И как режиссер Рахлин, конечно, следует в общем русле, он не исключение в том смысле, что пьеса Виктора Гусева его привлекает отнюдь не художественными достоинствами (их она не лишена начисто, но литературную ценность текста, его эстетическую актуальность для современной театральной сцены преувеличивать нелепо). Неординарность метода взаимодействия Рахлина с материалом состоит здесь, на мой взгляд, в том, что, подчеркивая одни моменты и «прибирая» другие, режиссер открывает бессознательно заложенную автором амбивалентность героического посыла, обнаруживая за броской комедийной стороной скрытую трагическую.

Это касается даже поэтики текста — например, генетически «маяковские» речевые метафоры вроде «звонок уснул, как котенок под лавкой», обыкновенные для советской гражданской, да и какой угодно лирики 1920-х, по меркам середины 1930-х звучат анахронизмом, рудиментом закончившейся революционной авангардно-футуристической эпохи, если не вовсе приметой «литературного троцкизма» (еще не смертельной, уже подозрительной) — на смену им приходит образность общедоступная, освободившаяся от языковых ухищрений и многозначности содержания в пользу плоской, свободной от обертонов, примитивной «народной» простоты. Но в большей степени, разумеется, дополнительная смысловая нагрузка приходится на формулы-максимы, которые герои «Славы» плакатно бросают публике в качестве морального урока: чуть педалируя интонационно, актеры те же фразы из прямолинейных нравоучений превращают в зловещие пророчества, будь то «наша партия даже на катастрофах воспитывает людей!» или «в нашей республике даже семья — боевое подразделение!». Не говоря уже о сакраментальной реплике доброй и благонамеренной, но как бы до поры не вполне «сознательной» Марьи Петровны, которая у Рахлина двусмысленно замечает: «Скажи, куда так торопятся люди?
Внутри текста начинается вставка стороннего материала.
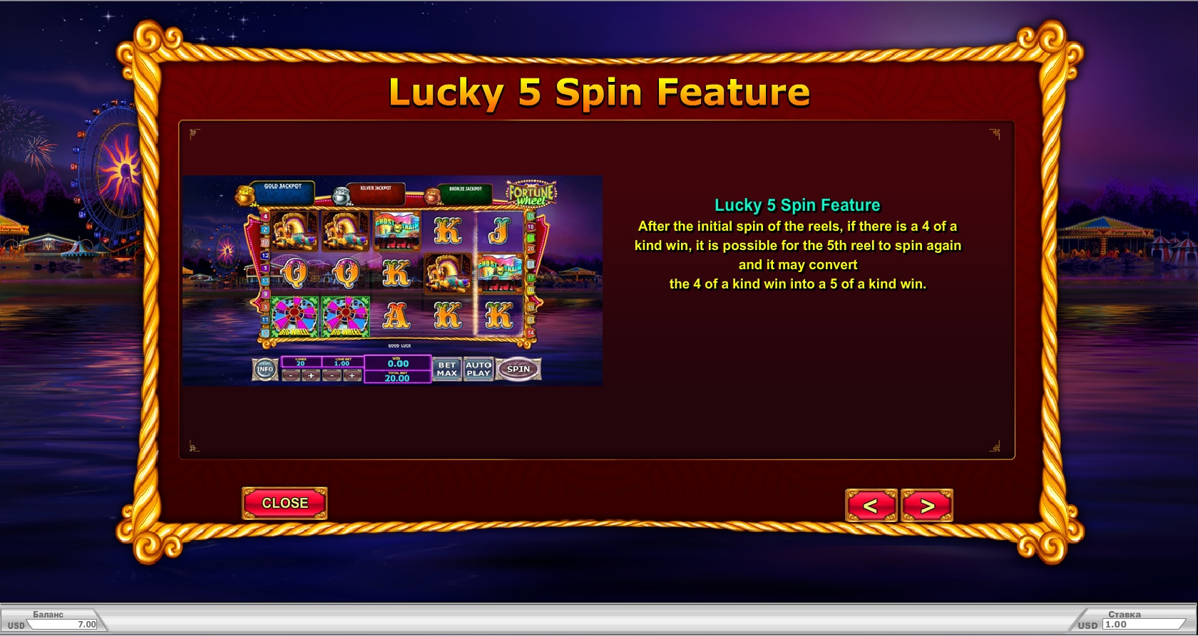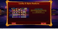 Если образуется комбинация из четырех одинаковых картинок, может быть активирована опция Lucky 5 Spin (она задействуется случайным образом). В таком случае пятый барабан будет вращаться бесплатно еще раз, что дает дополнительные шансы на формирование цепочки из пяти символов.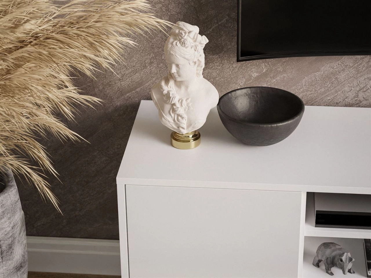 Das weiße, viertürige TV-Lowboard Vivance wurde so konzipiert, dass es sich an Ihre Vorlieben anpassen lässt. Was bedeutet das? Zum Möbel gehören vier Türfronten, die aber nicht alle montiert werden müssen. Die Konstruktion erlaubt es, eine offene Nische mit Einlegeböden im mittleren Bereich – links oder rechts – zu belassen. So erhalten Sie wahlweise ein vier- oder dreitüriges Lowboard. Das Möbel verfügt über zwei kleinere und eine größere Nische sowie insgesamt drei Einlegeböden. Die Türen öffnen sich grifflos per Push-to-Open – drücken und öffnen.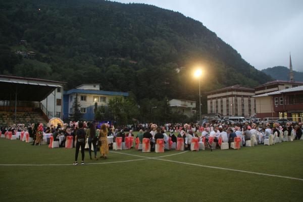 Rize'nin İkizdere ilçesinde pandemi nedeniyle açık havada düğün yapmayı tercih eden çiftler için futbol sahası hizmete sunuldu. İlçede yeşil sahada düzenlenen düğünlerde sosyal mesafeye dikkat eden davetliler, eğlenceli anlar yaşıyor.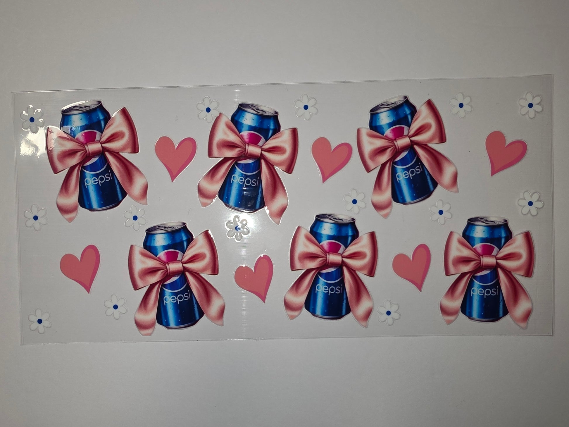 Add a touch of retro charm to your favorite tumbler with this adorable Pepsi can wrap. Featuring a classic blue Pepsi can adorned with a delicate pink bow, this design is perfect for soda lovers and adds a playful pop to your drinkware.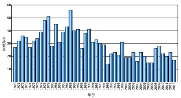 圖20 整體和5年移動(dòng)平均失效頻率(1962-2014年)

Ведь смерть за каждым придет сама...» — что, положа руку на сердце, и вне добавочных выразительных средств впечатляет само по себе, а уж с подложенной на гусевские вирши фонограммой «Тристана»... Основа фабулы при таком подходе сохраняется, не выворачивается наизнанку и представление о реальности, в которую помещены персонажи, благо она заведомо условна: православная старуха и та в рифму говорит!

Все это очень любопытно в свете богомоловской «Славы». Насколько я заранее понял из читанных отзывов на спектакль БДТ и в чем убедился на личном опыте, к эстетической стороне питерской «Славы» вопросов ни у кого не возникало, а споры (ну и, как водится, интеллигентские истерики) завязывались вокруг этико-политического комплекса проблем.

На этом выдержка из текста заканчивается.